According to the Energy Progress Report 2022 published by IEA, IRENA, UNSD, World Bank WHO Tracking SDG7, it was revealed that the number of Ugandans with access to electricity electricity exceeded the country’s population.
According to the report, the top 20 access-deficit countries in sub-Saharan Africa include Uganda and Kenya which have recorded the largest gains.
The report also indicates that Uganda and Kenya increased their annual access by 5.2 and 3 percentage points respectively.
To arrive at the conclusion, the team of five custodian agencies subtracted the access rate of the first year from that of the second year, then divided the result by the second year minus the first year.
The report further reveals that measuring electricity access enables governments to assess the state of access and effectively implement the 2030 Agenda which encompasses Sustainable Development Goal 7, which aims to increase access to affordable, reliable, sustainable and modern energy for all by 2030.

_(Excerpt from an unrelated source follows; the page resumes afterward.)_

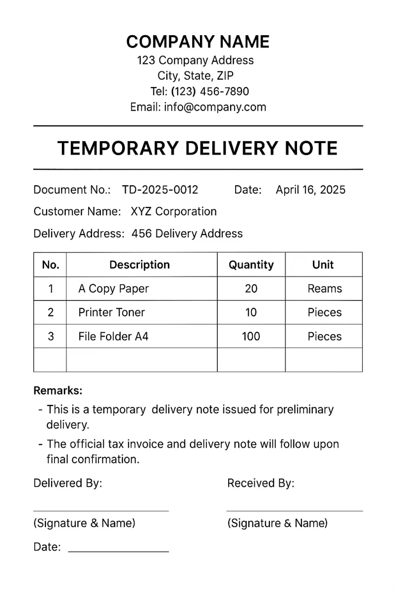Temporary Delivery Note – ใช้เมื่อการส่งของยังไม่สมบูรณ์ หรือยังไม่มีการออกใบกำกับภาษี/ใบเสร็จอย่างเป็นทางการ

Nigeria, Democratic Republic of Congo and Ethiopia had the largest unserved populations.
It should be noted that improving access to clean energy is in line with Uganda’s Third National Development Plan.
To ensure that Ugandans can get clean energy at an affordable price, the government is now funding the construction of renewable energy generating stations like Karuma and Isimba whose tariffs do not exceed five cents US (Sh182) per unit. It introduced sliding scale tariffs for large and very large industrial users, it introduced a vital tariff band for household consumption, introduced a cooking tariff to encourage many households to use electricity for cooking and ensured the refinancing of the debts of Bujagali Energy Limited. .
The report also noted that Nigeria, the Democratic Republic of Congo and Ethiopia had the largest unserved populations.